O retrato da justiça brasileira
JOÃO LUIZ MAUAD *
O Ministro Celso de Melo está com uma batata quente nas mãos. Ele vai decidir se os “mensaleiros”, contra a vontade da imensa maioria da nação, terão ou não direito aos chamados recursos infringentes, os quais, resumidamente, equivalem quase a um novo julgamento.
Infelizmente, este imbróglio no STF, algo sem pé nem cabeça para qualquer cidadão de país civilizado, é o retrato da justiça brasileira, onde sobram leis, normas e regulamentos, muitas vezes contraditórios entre si, tornando os resultados sempre incertos e dependentes dos humores dos julgadores. No caso em tela, qualquer que seja o voto do Ministro Celso de Melo (um homem honrado, diga-se de passagem), ninguém poderá dizer que está julgando à revelia da lei.
Uma das grandes conquistas da humanidade é o que comumente chamamos de “Império da Lei”, um conjunto de princípios básicos de justiça e do devido processo legal que regem a aplicação do poder. Richard Epstein explica que, num estado de direito, o Império da Lei exige que todas as disputas – não importa se entre particulares ou entre partes pública e privada – sejam julgados por juízes neutros, ao abrigo de regras conhecidas antecipadamente. Cada parte deve ter conhecimento prévio da acusação contra ela e a oportunidade de ser ouvida em resposta. Além disso, cada regra deve ser compatível com todas as outras, de modo que nenhuma pessoa seja obrigada a violar uma norma legal a fim de satisfazer outra. Nos países desenvolvidos, o respeito a esses princípios tem tornado a economia mais forte e os cidadãos mais livres.

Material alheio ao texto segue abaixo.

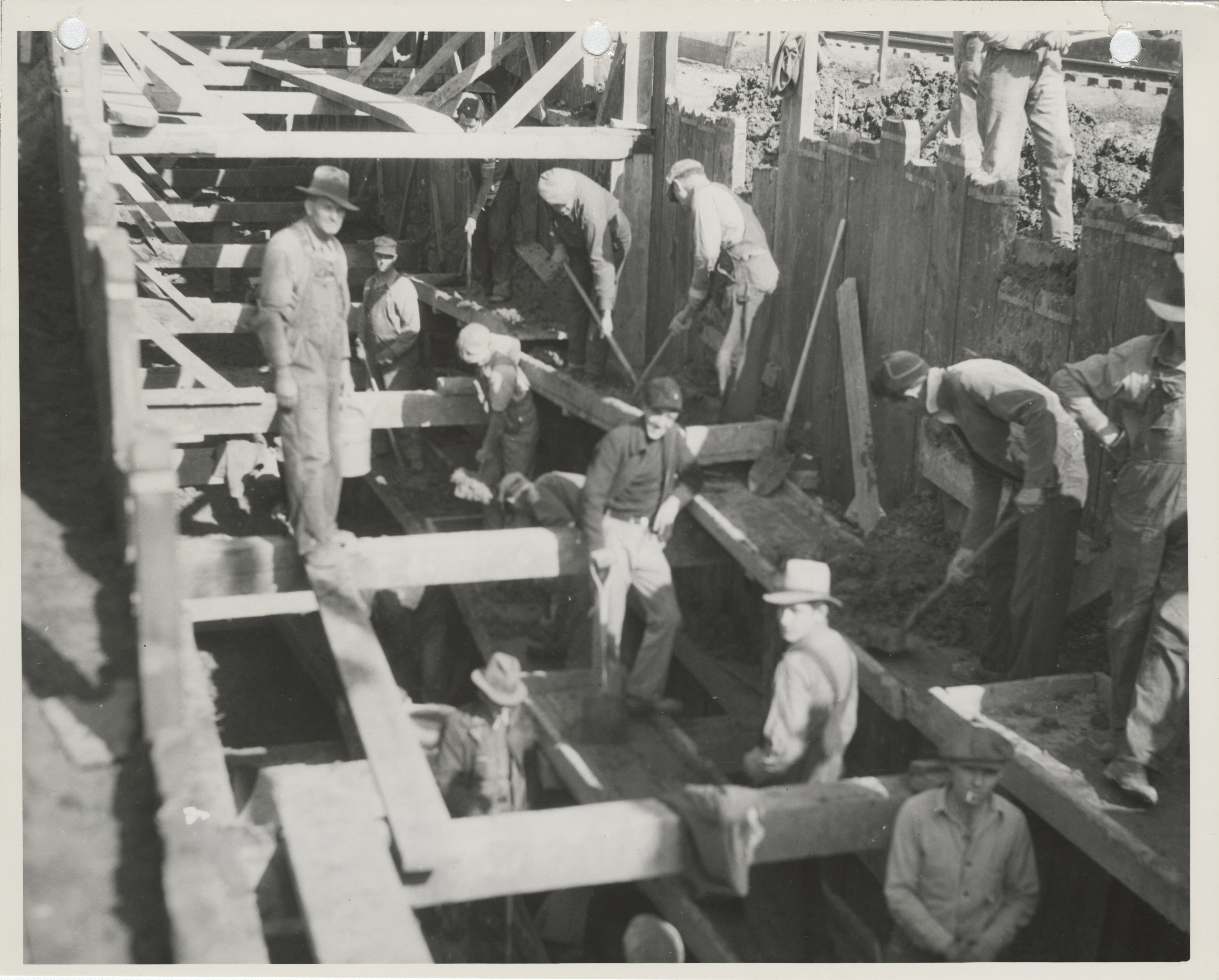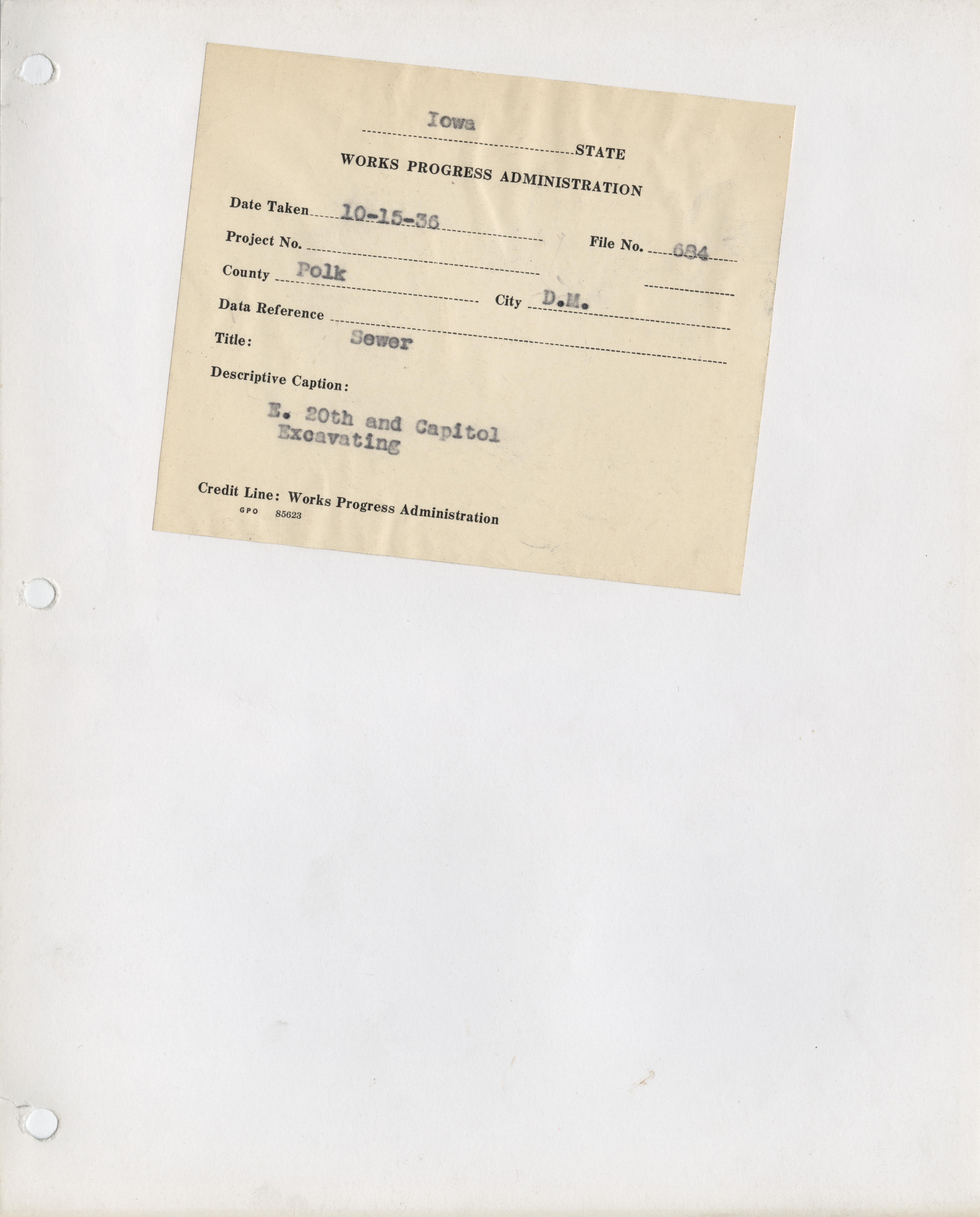 - "Photograph of people excavating for a sewer at E 20th and Capitol in Des Moines", Work Projects Administration (Iowa) Photographs, Iowa State University Library Digital Collections

No Brasil, isso não acontece. Segundo levantamento do Instituto Brasileiro de Planejamento Tributário (IBPT), desde 5 de outubro de 1988 (data da promulgação da atual Constituição Federal), até 5 de outubro de 2012 (seu 24º aniversário), foram editadas 4.615.306 normas que regem a vida dos cidadãos brasileiros. Isto representa, em média, 788 por dia útil.
Trata-se de um evidente exagero, alimentado por uma lógica perversa segundo a qual a eficiência de políticos e burocratas seria diretamente proporcional à quantidade de leis editadas, ainda que amplamente desrespeitadas.
Diante dessa voracidade legiferante, resulta impossível a qualquer um conhecer o inteiro teor de uma determinada legislação. A existência de direitos e deveres pouco nítidos transforma os brasileiros em personagens kafkianos, reféns de processos burocráticos absurdos e totalmente vulneráveis à ação de agentes públicos mal intencionados. Em resumo, é isso que os especialistas chamam de insegurança jurídica.
Por isso, os liberais defendem que as normas devem ser poucas, simples e objetivas, a fim de facilitar não só a sua aplicação como também a fiscalização. Se não for assim, advogados competentes e julgadores sem escrúpulos sempre acabarão encontrando, na própria legislação, brechas que livram a cara de eventuais infratores. Esperemos que este não seja o caso, pelo manos desta vez.